Pro-bio se lance dans une culture rarissime

SAINT-LÉONARD-D’ASTON. Une production rarissime au Québec est en cours d’expérimentation à grande échelle dans un champ de Saint-Léonard-d’Aston. L’entreprise agricole biologique Pro-bio s’est lancée dans la culture de la patate douce biologique.

Vers la mi-juin, pas moins de 87 000 boutures de ce tubercule ont été plantées. «On fait six acres de patates douces cette année, indique Samuel Richard, copropriétaire de l’entreprise avec son frère Gabriel. C’est vraiment un gros défi, car à la base, la patate douce est une plante tropicale. Ce n’est vraiment pas adapté à notre climat, surtout pour une production à grande échelle.»

Pour être en mesure d’obtenir une récolte, les producteurs doivent réussir, par divers moyens, à recréer un climat plus chaud, explique M. Richard. «C’est plus facile à petite échelle parce qu’on peut utiliser différents équipements, comme des bâches flottantes ou de la culture sous tunnel. À grande échelle, ce n’est pas toujours possible. La stratégie qu’on a choisie a été d’utiliser le paillis de plastique pour réchauffer le sol rapidement au printemps, et de démarrer le champ avec des boutures importées des États-Unis.»

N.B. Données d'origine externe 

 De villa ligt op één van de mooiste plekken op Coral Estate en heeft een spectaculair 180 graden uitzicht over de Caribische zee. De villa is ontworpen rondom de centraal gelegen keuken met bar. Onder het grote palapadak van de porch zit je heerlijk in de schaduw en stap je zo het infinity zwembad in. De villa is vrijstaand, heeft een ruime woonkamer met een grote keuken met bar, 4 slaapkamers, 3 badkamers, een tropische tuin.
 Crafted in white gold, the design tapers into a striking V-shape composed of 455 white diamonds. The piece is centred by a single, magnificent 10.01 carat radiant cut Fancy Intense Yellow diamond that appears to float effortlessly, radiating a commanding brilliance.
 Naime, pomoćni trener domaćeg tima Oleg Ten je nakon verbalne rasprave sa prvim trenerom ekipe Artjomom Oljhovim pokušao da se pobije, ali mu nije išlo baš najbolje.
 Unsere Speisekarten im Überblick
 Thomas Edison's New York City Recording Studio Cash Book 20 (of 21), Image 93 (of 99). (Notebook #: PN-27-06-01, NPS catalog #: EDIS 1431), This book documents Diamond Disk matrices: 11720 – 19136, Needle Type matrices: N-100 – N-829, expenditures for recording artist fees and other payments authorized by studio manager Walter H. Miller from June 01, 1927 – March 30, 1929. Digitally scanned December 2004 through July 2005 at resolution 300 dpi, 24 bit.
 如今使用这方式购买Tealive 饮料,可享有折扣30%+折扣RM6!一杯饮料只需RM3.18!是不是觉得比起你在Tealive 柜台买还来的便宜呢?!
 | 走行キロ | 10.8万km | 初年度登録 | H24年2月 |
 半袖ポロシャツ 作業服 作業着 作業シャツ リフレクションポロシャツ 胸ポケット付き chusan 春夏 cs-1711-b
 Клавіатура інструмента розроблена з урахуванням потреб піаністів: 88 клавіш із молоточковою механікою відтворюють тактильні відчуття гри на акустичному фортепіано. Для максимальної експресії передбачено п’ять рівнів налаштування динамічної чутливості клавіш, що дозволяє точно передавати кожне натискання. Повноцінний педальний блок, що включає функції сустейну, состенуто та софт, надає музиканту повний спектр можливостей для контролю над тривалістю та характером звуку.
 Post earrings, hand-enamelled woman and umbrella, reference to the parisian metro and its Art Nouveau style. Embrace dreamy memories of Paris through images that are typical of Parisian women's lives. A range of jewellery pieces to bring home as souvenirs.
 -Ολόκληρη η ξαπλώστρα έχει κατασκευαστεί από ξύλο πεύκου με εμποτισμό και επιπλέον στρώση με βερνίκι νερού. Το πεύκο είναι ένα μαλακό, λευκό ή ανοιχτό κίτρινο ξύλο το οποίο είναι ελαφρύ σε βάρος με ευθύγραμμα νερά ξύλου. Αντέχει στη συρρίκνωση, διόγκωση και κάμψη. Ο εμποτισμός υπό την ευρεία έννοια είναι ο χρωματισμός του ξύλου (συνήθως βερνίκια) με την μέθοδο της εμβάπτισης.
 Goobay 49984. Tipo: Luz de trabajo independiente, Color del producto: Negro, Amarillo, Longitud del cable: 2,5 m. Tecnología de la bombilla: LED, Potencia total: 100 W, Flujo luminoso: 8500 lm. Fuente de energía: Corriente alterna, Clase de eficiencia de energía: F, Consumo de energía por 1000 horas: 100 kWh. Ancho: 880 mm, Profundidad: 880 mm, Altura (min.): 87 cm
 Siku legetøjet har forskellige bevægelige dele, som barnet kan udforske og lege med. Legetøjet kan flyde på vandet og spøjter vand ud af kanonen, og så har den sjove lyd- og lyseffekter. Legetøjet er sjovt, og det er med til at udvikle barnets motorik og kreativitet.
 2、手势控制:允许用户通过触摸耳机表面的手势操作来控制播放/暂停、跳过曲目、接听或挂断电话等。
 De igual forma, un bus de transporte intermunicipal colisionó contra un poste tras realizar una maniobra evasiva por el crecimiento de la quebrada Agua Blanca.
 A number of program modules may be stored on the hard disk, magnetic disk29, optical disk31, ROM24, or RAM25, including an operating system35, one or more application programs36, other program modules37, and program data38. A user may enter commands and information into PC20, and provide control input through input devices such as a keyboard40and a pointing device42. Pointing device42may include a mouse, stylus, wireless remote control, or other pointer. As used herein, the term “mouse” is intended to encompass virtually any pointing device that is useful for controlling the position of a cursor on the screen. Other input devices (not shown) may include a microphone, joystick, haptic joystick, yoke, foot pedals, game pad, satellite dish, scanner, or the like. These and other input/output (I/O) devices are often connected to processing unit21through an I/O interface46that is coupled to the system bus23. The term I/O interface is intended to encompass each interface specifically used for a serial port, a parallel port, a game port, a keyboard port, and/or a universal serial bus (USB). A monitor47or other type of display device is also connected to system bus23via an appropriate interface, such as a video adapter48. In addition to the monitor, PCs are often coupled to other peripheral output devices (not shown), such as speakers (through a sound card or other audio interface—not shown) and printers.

Chaque bouture a été plantée à la main dans les trous percés à cette fin dans le paillis de plastique. «C’est une opération qui demande beaucoup de main-d’œuvre. Par le biais d’appels à tous, principalement sur les réseaux sociaux, on a réussi à recruter 45 personnes pour repiquer les boutures sur deux jours.»

Un choix réfléchi

Se lancer dans cette culture inusitée représente un défi de taille auquel il faut greffer beaucoup d’investissement en temps et en argent.

Mais les frères Richard n’ont pas peur des défis et ont les reins solides. Les patates, ils connaissent ça! Car en plus de gérer Pro-bio, ils sont la troisième génération de Richard à la tête de Proculteur, une imposante entreprise de production conventionnelle de pommes de terre. C’est avec une volonté commune de faire un essai en bio au niveau de la production de patates qu’ils ont démarré, il y a quatre ans, la filiale Pro-bio.

«La première année, on a loué des terres qui étaient déjà en production bio. Ça nous a permis d’essayer la culture biologique et de développer et adapter nos techniques. L’année suivante, on a décidé de réserver, à même nos terres, un bloc de 90 acres pour la culture biologique et on a débuté la transition.»

Il faut compter trois ans pour compéter cette transition et être certifié comme producteur biologique, raconte Samuel Richard. Durant tout ce temps, aucun intrant n’est appliqué: pas d’engrais chimiques, ni fongicide, ni herbicide. «On cultive en bio sans avoir la certification bio. Par contre, au terme de la troisième année, notre récolte sera certifiée biologique.»

Aujourd’hui, les deux frères cultivent 50 acres de patates régulières biologiques, en plus de leur production de pommes de terre conventionnelle. Cette année, en ajoutant la production de patates douces biologiques, ils viennent diversifier de nouveau les activités de leurs entreprises tout en répondant à une certaine demande.

«Au niveau du marché, on a quand même été surpris de la réponse des différents acheteurs qu’on a contactés. Il y a vraiment une demande [pour la patate douce bio] et actuellement, l’approvisionnement se fait en partie de l’Ontario et en partie des États-Unis. On a pu constater que les acheteurs sont favorables à acheter localement. C ‘est encourageant.»

Imagination et rendement

Le fait d’avoir déjà en leur possession l’équipement et les infrastructures utiles à la culture des pommes de terre donne un sérieux coup de pouce aux deux agriculteurs, qui peuvent ainsi les mettre à profit dans toutes leurs sphères d’activités (biologiques et conventionnelles). Mais cela ne les empêche pas de rivaliser d’imagination quand vient le temps de s’outiller pour maximiser leur production et leur rendement.

«On a modifié une récolteuse de pommes de terre pour être capable de récolter mécaniquement la patate douce. La plupart des gens le font encore à la main, souligne fièrement Samuel Richard. On aimerait éventuellement développer quelque chose pour la transplantation [mécanisée] des boutures de patates douces sur le paillis de plastique parce que rien n’existe encore à cet effet. On va travailler là-dessus cet hiver et faire des tests.»

En parallèle, les frères Richard souhaitent développer leur propre réseau de vente au détail. Pour cela, ils compteront sur l’aide de leur cousin, Guillaume Allyson, qu’ils ont embauché en janvier dernier à titre de responsable du développement commercial.